Иоанн Мейендорф - Живое предание
И теперь я уже вплотную подошел к предложению, которое, по моему мнению, могло бы решить проблему авторитета, разделяющую Рим и Православие. Разве невозможно в наше время совместно признать Фотиевский собор 879–880 гг. вселенским?
Акт такого рода, конечно, был бы гораздо значительнее, чем чисто символическое снятие анафематствований 1054 года. Это предполагало бы возврат к положению, существовавшему более двух столетий. Для православных такой акт потребовал бы согласия всех Поместных Православных Церквей; он означал бы, что объединение действительно основано на единстве веры, выраженной в общем Символе. Для приверженного традициям Рима это не было бы просто отказом от своего авторитета, а возвращением к положению, санкционированному предшественником нынешнего папы. Природа раскола такова, что символические акты и церемониальные встречи очевидно недостаточны для преодоления существующего разделения. Необходимо единение в духе и принципиальное соглашение относительно институционных форм единства. Собор 879–880 годов совершил то и другое.

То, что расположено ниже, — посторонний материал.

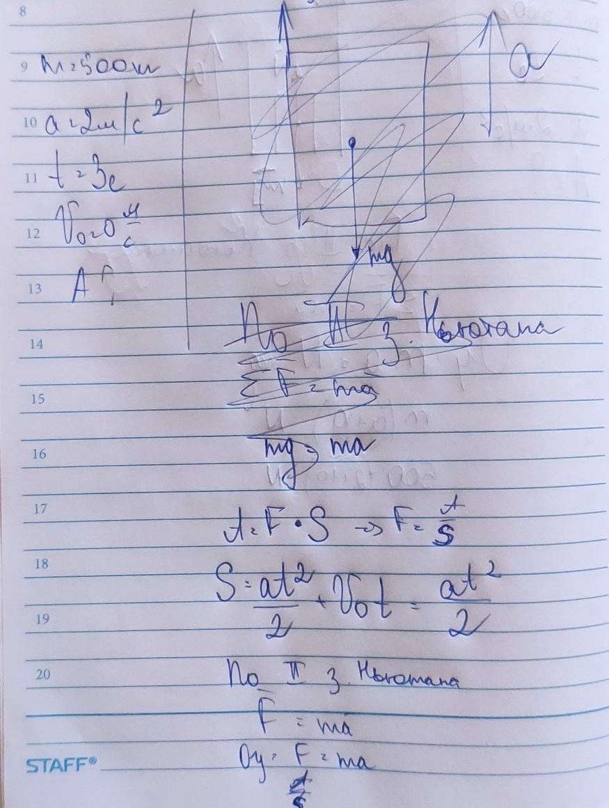 ліфт з вантажем має масу 0,5т.Чому дорівнює робота з підняття ліфта в перші 3с руху, якщо ліфт рухається вгору з прискоренням 2м/с²?
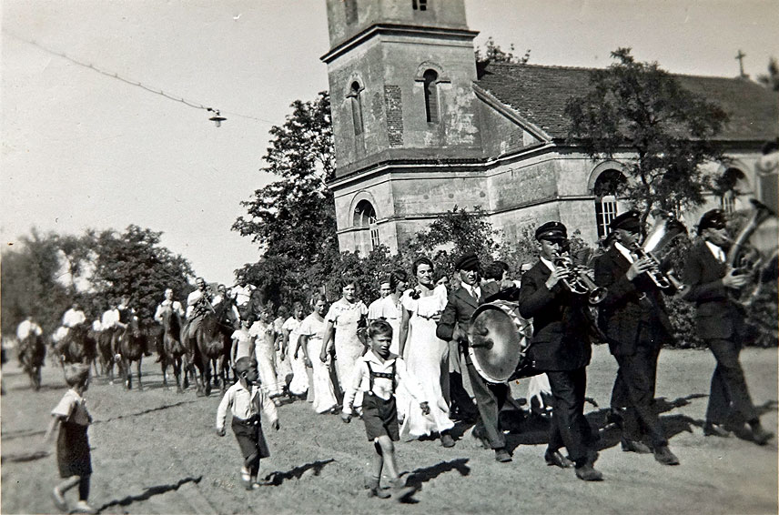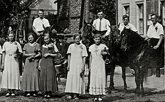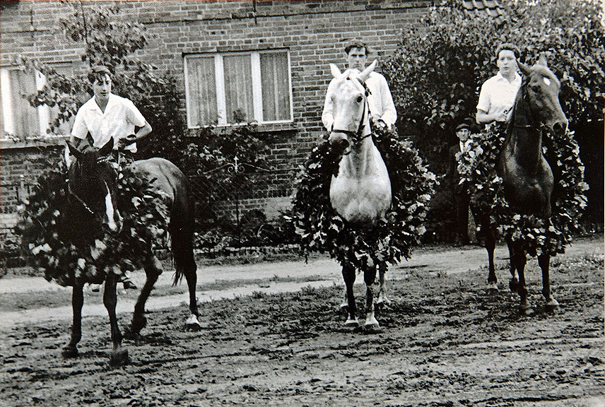 Hemd auf ihren Pferden. Waren alle Straßen des Dorfes passiert, nahm der Zug Aufstellung am mit Girlanden
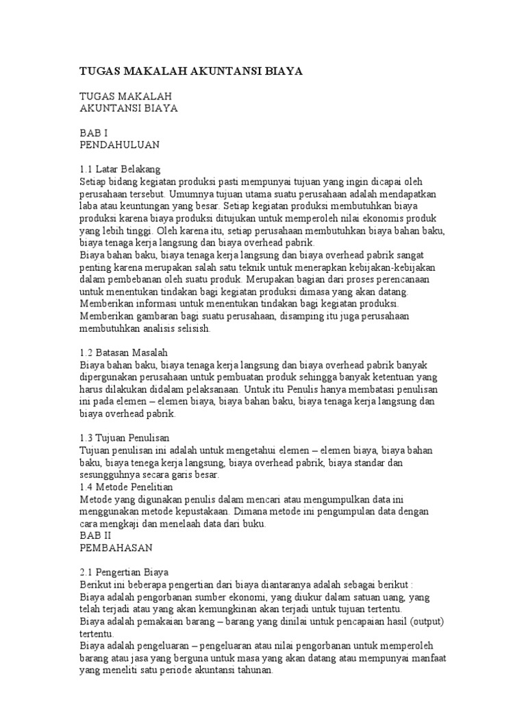 Makalah 1 Akuntansi Biaya Docx Pdf Document
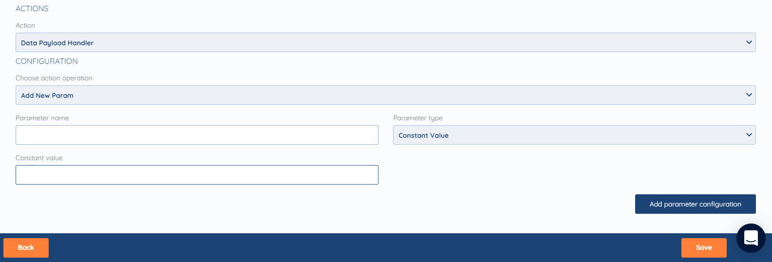 Data Payload Handler currently allows us only one action, that is to Add a New Parameter.

2. Что произошло в шестидесятые годы?
Различные заявления и встречи между папой и Константинопольским патриархом носили, по нашему определению, символический характер. Любой символ может быть ложно истолкован. Говорилось, например, что сенсационный характер встреч и двусмысленность документов создавали ошибочное впечатление, что объединение Церквей — вопрос близкого будущего и что догматические препятствия сущест вуют только в умах немногих реакционных богословов. Говорилось также, что церковная дипломатия, подготовившая и осуществившая встречи, имела целью создать ложный образ православного «папства», параллельного римскому; и нужно сказать, что плохо информированная западная публика могла действительно иногда подумать, что вселенский патриарх — всего лишь восточный «папа». С православной стороны скептики утешались тем, что патриарх не имел «всеправославного мандата» и говорил и действовал не от имени всей Церкви.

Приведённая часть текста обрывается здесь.